_PROBLEM_
Each record that follows should be duplicated exactly, except for its pictures.

_MATERIAL SHOWN_
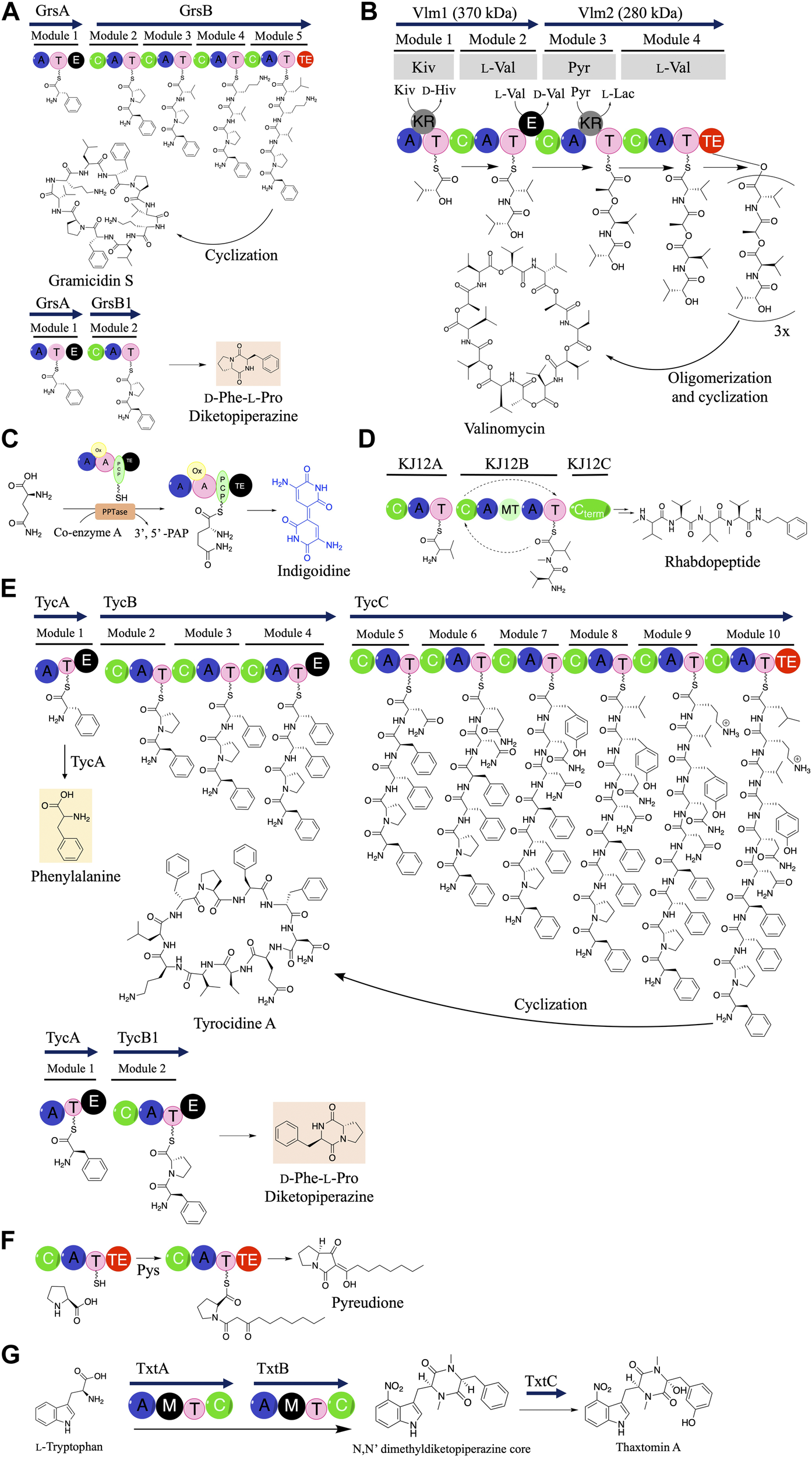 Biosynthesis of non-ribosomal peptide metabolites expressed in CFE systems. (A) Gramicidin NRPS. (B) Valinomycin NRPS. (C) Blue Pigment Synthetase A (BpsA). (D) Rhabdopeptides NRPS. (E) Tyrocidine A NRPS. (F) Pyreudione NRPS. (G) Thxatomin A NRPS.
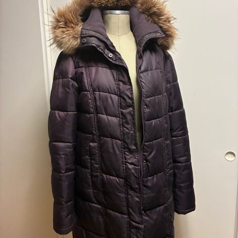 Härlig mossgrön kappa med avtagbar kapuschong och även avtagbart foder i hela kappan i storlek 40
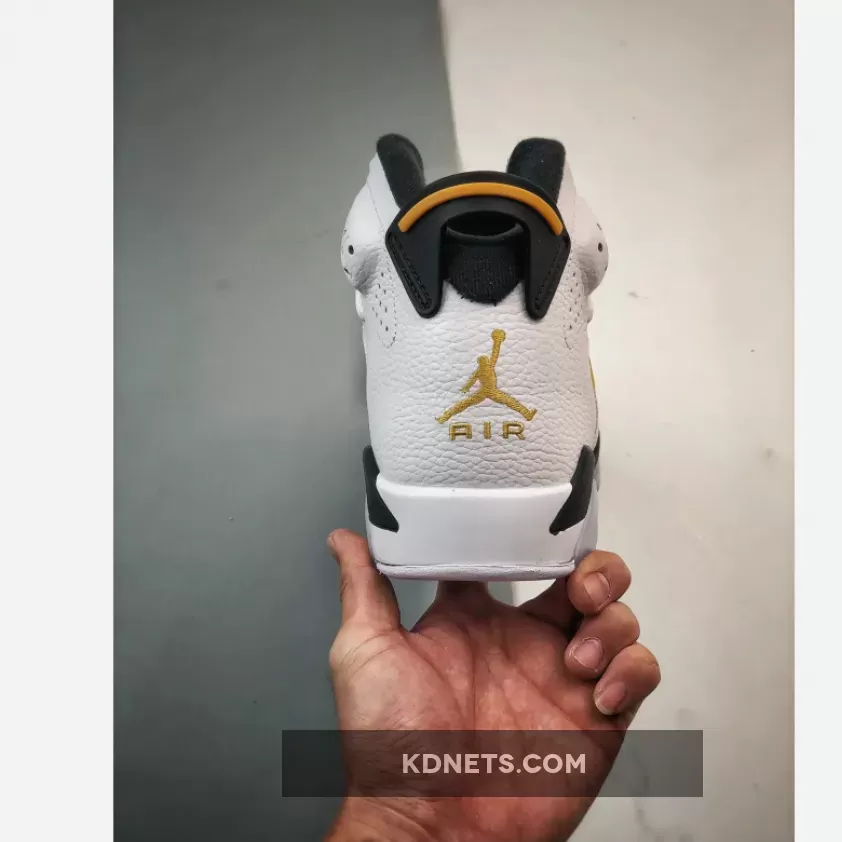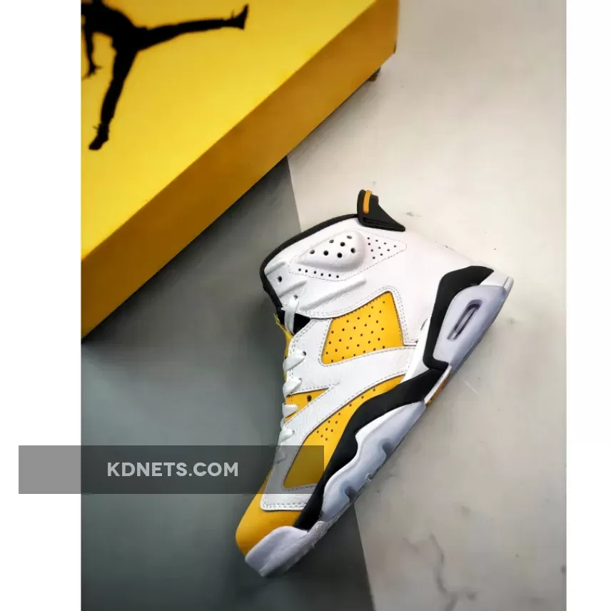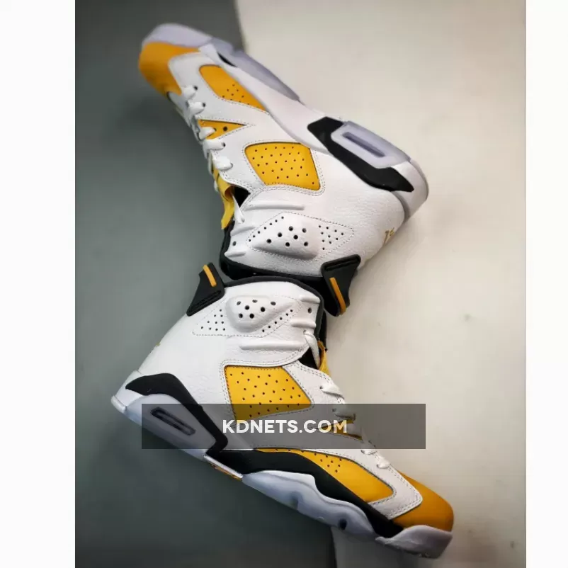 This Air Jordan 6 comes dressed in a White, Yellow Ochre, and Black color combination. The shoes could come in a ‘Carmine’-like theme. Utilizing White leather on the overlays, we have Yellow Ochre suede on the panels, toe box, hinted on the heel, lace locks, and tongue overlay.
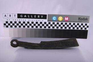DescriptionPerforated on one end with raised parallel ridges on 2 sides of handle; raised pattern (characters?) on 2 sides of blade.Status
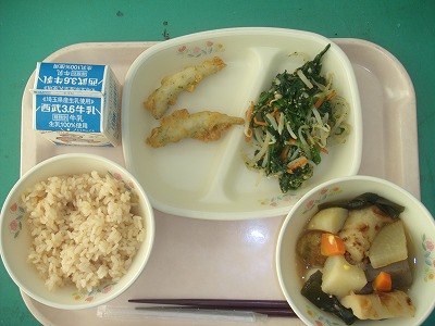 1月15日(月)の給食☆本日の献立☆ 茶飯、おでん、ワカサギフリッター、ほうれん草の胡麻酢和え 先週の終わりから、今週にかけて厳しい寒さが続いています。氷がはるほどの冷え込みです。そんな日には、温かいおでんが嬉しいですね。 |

_EXERCISE SOLUTION_
 Biosynthesis of non-ribosomal peptide metabolites expressed in CFE systems. (A) Gramicidin NRPS. (B) Valinomycin NRPS. (C) Blue Pigment Synthetase A (BpsA). (D) Rhabdopeptides NRPS. (E) Tyrocidine A NRPS. (F) Pyreudione NRPS. (G) Thxatomin A NRPS.
 Härlig mossgrön kappa med avtagbar kapuschong och även avtagbart foder i hela kappan i storlek 40
 This Air Jordan 6 comes dressed in a White, Yellow Ochre, and Black color combination. The shoes could come in a ‘Carmine’-like theme. Utilizing White leather on the overlays, we have Yellow Ochre suede on the panels, toe box, hinted on the heel, lace locks, and tongue overlay.
DescriptionPerforated on one end with raised parallel ridges on 2 sides of handle; raised pattern (characters?) on 2 sides of blade.Status
 1月15日(月)の給食☆本日の献立☆ 茶飯、おでん、ワカサギフリッター、ほうれん草の胡麻酢和え 先週の終わりから、今週にかけて厳しい寒さが続いています。氷がはるほどの冷え込みです。そんな日には、温かいおでんが嬉しいですね。 |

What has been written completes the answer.